- Born: Nir Jacob Kaplan 8 August 1989 (age 36) Tel Aviv, Israel
- Occupations: Actor, Radio Broadcaster
- Years active: 1995–present

= Nir Jacob Kaplan =

Israeli actor

Nir Jacob Kaplan (ניר יעקוב קפלן; born 8 August 1989) is an Israeli actor, entertainer and a radio presenter. He appeared in the Israeli children TV show Yami with Dafna Dekel. Entering his adulthood he also presented a Nationally syndicated radio program berosh tsair (בראש צעיר).

==Early life==
The son of Lieutenant Colonel Moti Kaplan, a former military man, and Tami Kaplan, a housewife and former officer in the Israel Defense Forces, Kaplan was born in Tel Aviv, Israel. He grew up in Herzeliya, Israel, where the family moved soon after his birth. He was raised as an Orthodox Jew, under the strict rule of his religious father. At the age of five he was diagnosed as a gifted child by the teachers in his kindergarten in Herzeliya, but relinquished his academic pursuits in favour of his theatrical aspirations.

==Career==
Nirs first onscreen appearance was on the hit children TV series Yami in 1995 Where he starred as the young child Noam searching for the logic of behind number counting.

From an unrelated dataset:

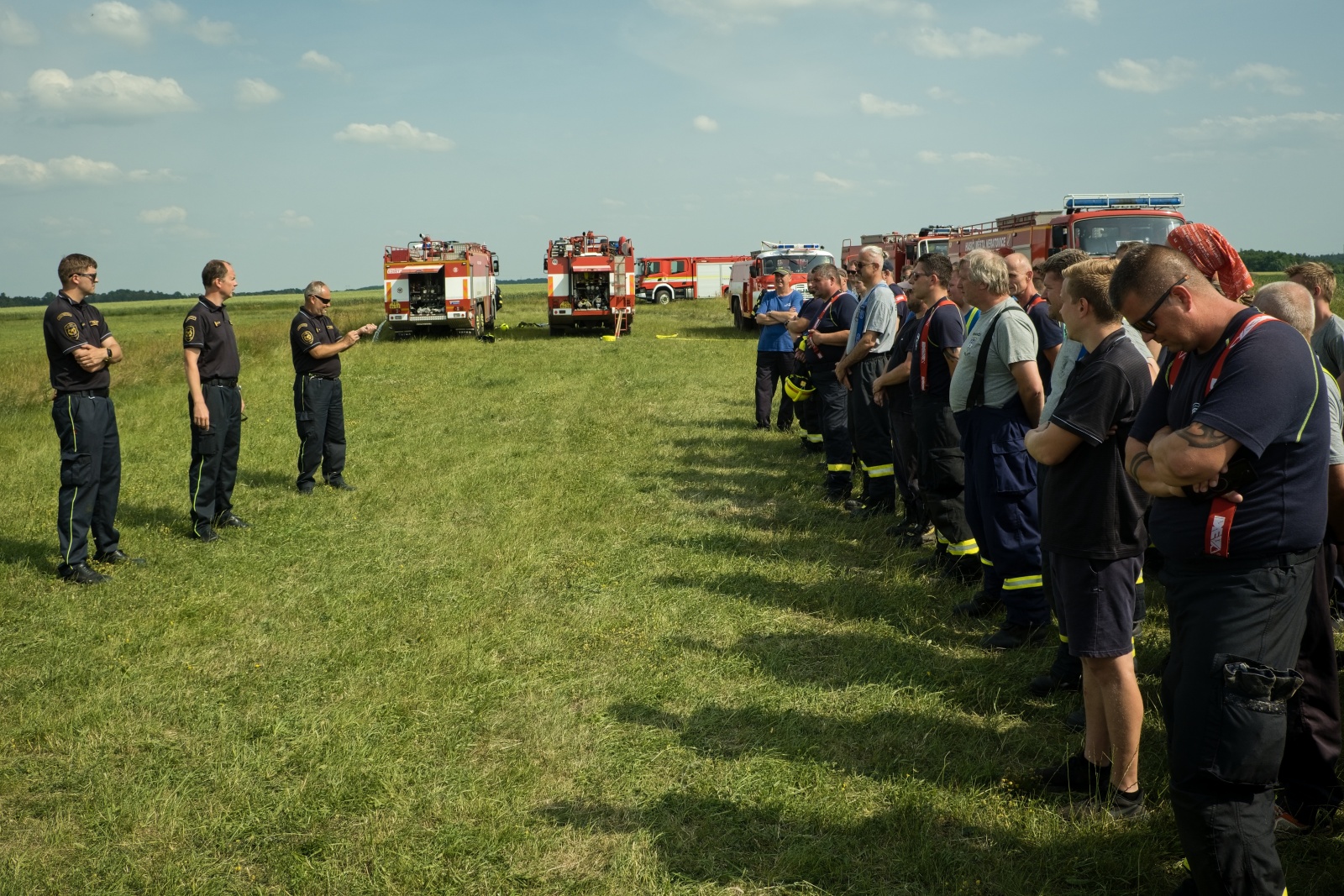 Na úvodním společném nástupu byli účastníci výcviku seznámeni se základními informacemi o letecké hasičské službě i o aktuálním stavu a možnostech nasazování letecké pomoci při hašení požárů. Současně si všichni hasiči mohli pomocí QR kódů stáhnout do svých mobilních telefonů veškerou dostupnou dokumentaci. Velitel stanice Mělník následně provedl se všemi zúčastněnými podrobný bezpečnostní pohovor, který vycházel z konspektu požární taktiky 1-3-03 „Využití letecké techniky k leteckému hašení požárů lesních a travnatých porostů“. Na závěr teoretické části byli hasiči rozděleni do 15 družstev po pěti hasičích.

He found his answers through many adventures and comical moments. After the show ended in 1997 Kaplan kept a low profile, preferring to hone his acting talents and study journalism in preparation for his next project, which was to be his greatest in his early life. berosh tsair (בראש צעיר) was a nationally syndicated radio program broadcast on "Reshet Alef" (רשת א') in which Kaplan took over the duty of main presenter and editor. He worked feverishly on the show while negotiating with the Israel Defense Forces on the service for his country as a celebrity entertainer. He was eventually drafted into the Military Police Corps, where the nature of his service cannot be disclosed. He is due to be discharged from the army on 2 February 2011.